▼
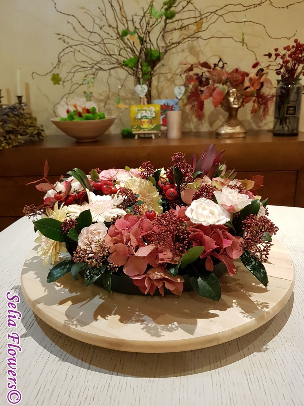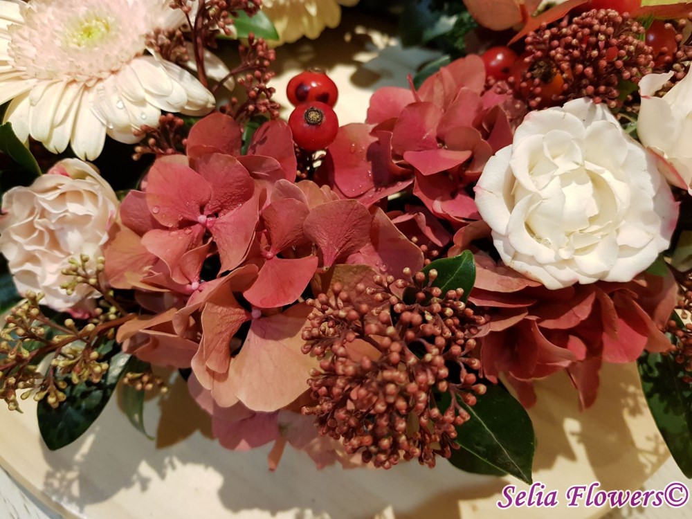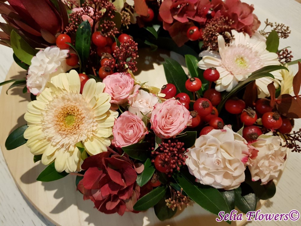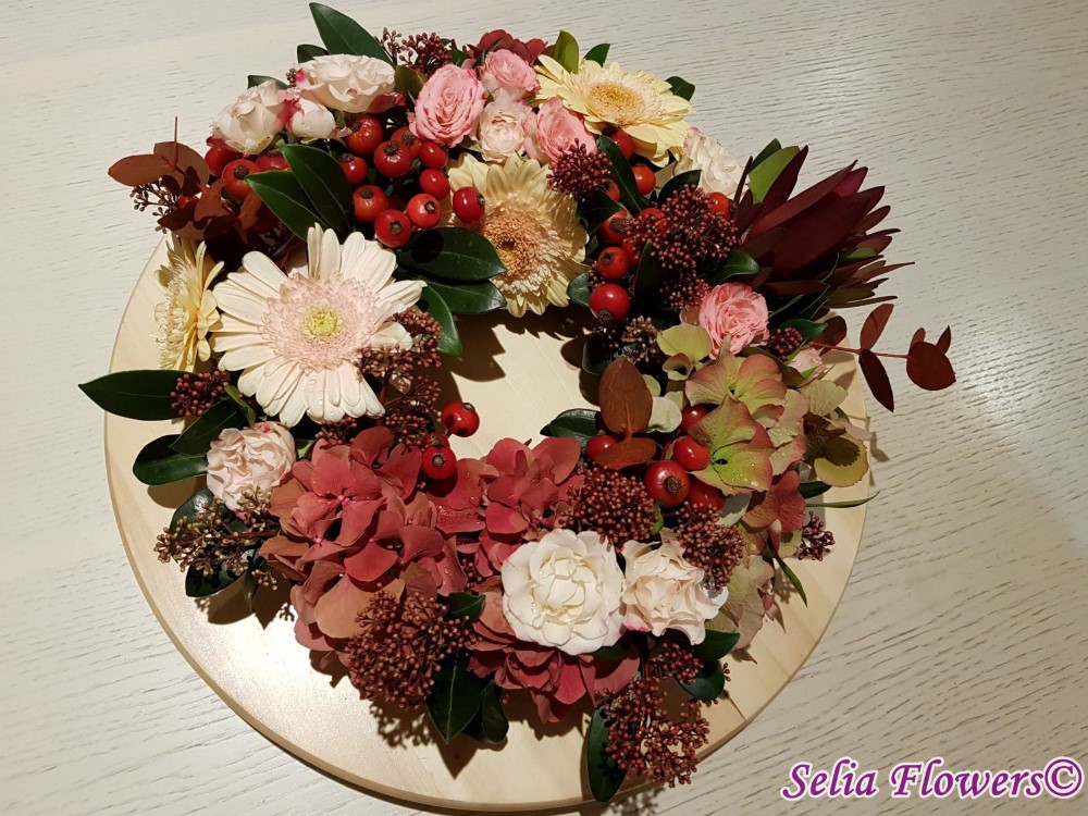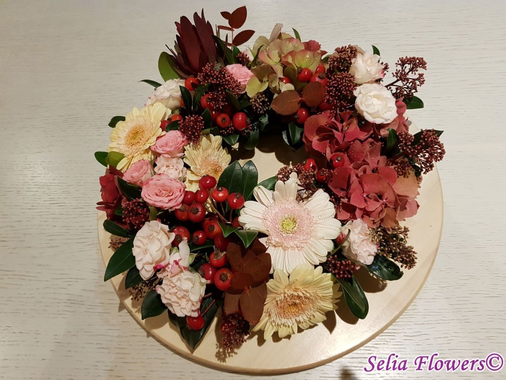 Coronita de toamna decorata cu flori naturale: hydrangea in doua culori, germinis, macese, trandafiri tros, leucadendron, skimmia, eucalypt. Baza coronitei este un inel prevazut cu burete floral umed cu un diametru initial de 25 cm (la livrare aproximativ 30-35 cm. Buretele floral asigura hidratarea florilor si mentinerea lor pentru o perioada mai indelungata.
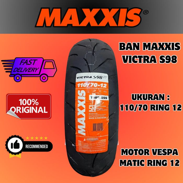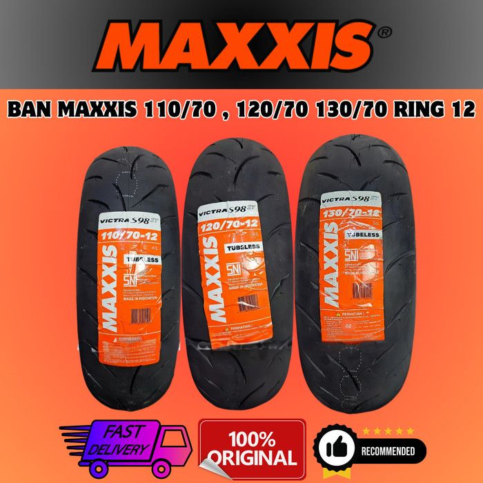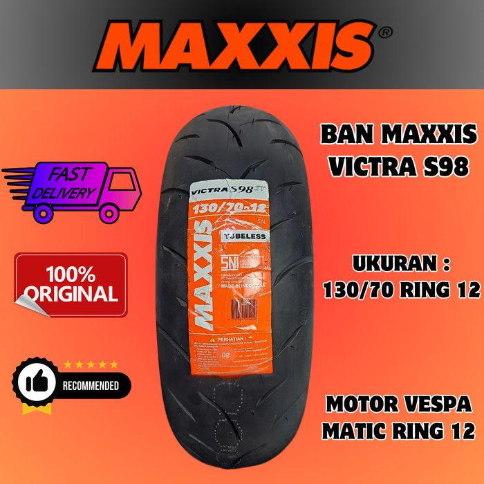 BAN DEPAN BELAKANG MOTOR VESPA MATIC RING 12 MAXXIS 110 70 12 , 120 70 12 , 130 70 12 ORI TUBELESS - 110/70-12
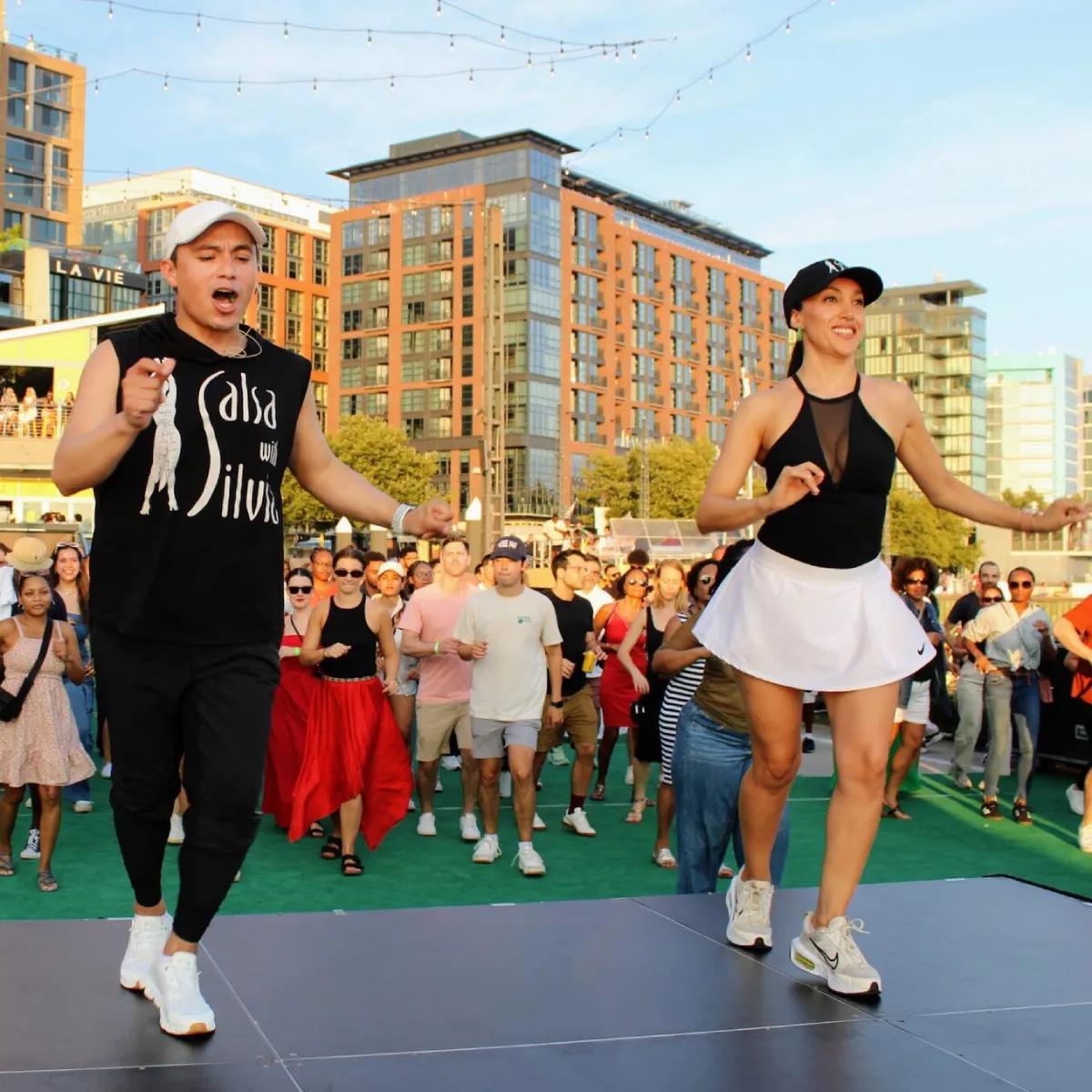 For the dance class all the teams will be together. Then, the teacher starts with a short warm up for the class. After that they break down some easy and super fun steps. The class will be focused on couples’ dance. At the end the teacher puts together all of these steps making a super fun & easy to lead/follow dance.
▲
_EXERCISE PROMPT_
Transcribe all of the listing precisely. The images stay out of it.

_YOUR SOLUTION_
 Coronita de toamna decorata cu flori naturale: hydrangea in doua culori, germinis, macese, trandafiri tros, leucadendron, skimmia, eucalypt. Baza coronitei este un inel prevazut cu burete floral umed cu un diametru initial de 25 cm (la livrare aproximativ 30-35 cm. Buretele floral asigura hidratarea florilor si mentinerea lor pentru o perioada mai indelungata.
 BAN DEPAN BELAKANG MOTOR VESPA MATIC RING 12 MAXXIS 110 70 12 , 120 70 12 , 130 70 12 ORI TUBELESS - 110/70-12
 For the dance class all the teams will be together. Then, the teacher starts with a short warm up for the class. After that they break down some easy and super fun steps. The class will be focused on couples’ dance. At the end the teacher puts together all of these steps making a super fun & easy to lead/follow dance.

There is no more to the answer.